Yuanchu Xie <[email protected]> writes:

> Hierarchically aggregate all memcgs' MGLRU generations and their
> page counts into working set page age histograms.
> The histograms break down the system's working set per-node,
> per-anon/file.
>
> The sysfs interfaces are as follows:
> /sys/devices/system/node/nodeX/page_age
> A per-node page age histogram, showing an aggregate of the
> node's lruvecs. The information is extracted from MGLRU's
> per-generation page counters. Reading this file causes a
> hierarchical aging of all lruvecs, scanning pages and creates a
> new generation in each lruvec.
> For example:
> 1000 anon=0 file=0
> 2000 anon=0 file=0
> 100000 anon=5533696 file=5566464
> 18446744073709551615 anon=0 file=0
>
> /sys/devices/system/node/nodeX/page_age_interval
> A comma separated list of time in milliseconds that configures
> what the page age histogram uses for aggregation.
>
> Signed-off-by: Yuanchu Xie <[email protected]>
> ---
> drivers/base/node.c | 3 +
> include/linux/mmzone.h | 4 +
> include/linux/workingset_report.h | 69 +++++
> mm/Kconfig | 9 +
> mm/Makefile | 1 +
> mm/internal.h | 9 +
> mm/memcontrol.c | 2 +
> mm/mmzone.c | 2 +
> mm/vmscan.c | 34 ++-
> mm/workingset_report.c | 413 ++++++++++++++++++++++++++++++
> 10 files changed, 545 insertions(+), 1 deletion(-)

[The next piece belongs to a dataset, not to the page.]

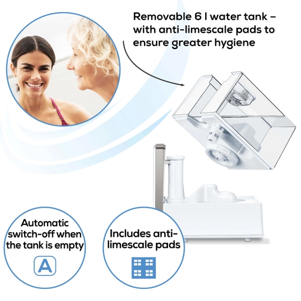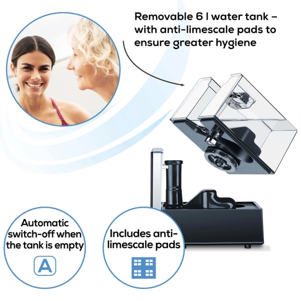 - Với dung tích bình chứa 6 lít, công suất phun hơi lên đến 550 ml/h dùng được trong thời gian dài. Hơn nữa, bình chứa của máy tạo ẩm Beurer còn có thể dễ dàng tháo rời, tạo điều kiện thuận lợi cho bạn có thể dễ dàng vệ sinh máy mỗi khi cần.

> create mode 100644 include/linux/workingset_report.h
> create mode 100644 mm/workingset_report.c
>
> diff --git a/drivers/base/node.c b/drivers/base/node.c
> index 1c05640461dd..4f589b8253f4 100644
> --- a/drivers/base/node.c
> +++ b/drivers/base/node.c
> @@ -20,6 +20,7 @@
> #include <linux/pm_runtime.h>
> #include <linux/swap.h>
> #include <linux/slab.h>
> +#include <linux/workingset_report.h>
>
> static const struct bus_type node_subsys = {
> .name = "node",
> @@ -625,6 +626,7 @@ static int register_node(struct node *node, int num)
> } else {
> hugetlb_register_node(node);
> compaction_register_node(node);
> + wsr_register_node(node);
> }
>
> return error;
> @@ -641,6 +643,7 @@ void unregister_node(struct node *node)
> {
> hugetlb_unregister_node(node);
> compaction_unregister_node(node);
> + wsr_unregister_node(node);
> node_remove_accesses(node);
> node_remove_caches(node);
> device_unregister(&node->dev);
> diff --git a/include/linux/mmzone.h b/include/linux/mmzone.h
> index a497f189d988..8839931646ee 100644
> --- a/include/linux/mmzone.h
> +++ b/include/linux/mmzone.h
> @@ -24,6 +24,7 @@
> #include <linux/local_lock.h>
> #include <linux/zswap.h>
> #include <asm/page.h>
> +#include <linux/workingset_report.h>
>
> /* Free memory management - zoned buddy allocator. */
> #ifndef CONFIG_ARCH_FORCE_MAX_ORDER
> @@ -625,6 +626,9 @@ struct lruvec {
> struct lru_gen_mm_state mm_state;
> #endif
> #endif /* CONFIG_LRU_GEN */
> +#ifdef CONFIG_WORKINGSET_REPORT
> + struct wsr_state wsr;
> +#endif /* CONFIG_WORKINGSET_REPORT */
> #ifdef CONFIG_MEMCG
> struct pglist_data *pgdat;
> #endif
> diff --git a/include/linux/workingset_report.h b/include/linux/workingset_report.h
> new file mode 100644
> index 000000000000..0de640cb1ef0
> --- /dev/null
> +++ b/include/linux/workingset_report.h
> @@ -0,0 +1,69 @@
> +/* SPDX-License-Identifier: GPL-2.0 */
> +#ifndef _LINUX_WORKINGSET_REPORT_H
> +#define _LINUX_WORKINGSET_REPORT_H
> +
> +#include <linux/types.h>
> +#include <linux/mutex.h>
> +
> +struct mem_cgroup;
> +struct pglist_data;
> +struct node;
> +struct lruvec;
> +
> +#ifdef CONFIG_WORKINGSET_REPORT
> +
> +#define WORKINGSET_REPORT_MIN_NR_BINS 2
> +#define WORKINGSET_REPORT_MAX_NR_BINS 32
> +
> +#define WORKINGSET_INTERVAL_MAX ((unsigned long)-1)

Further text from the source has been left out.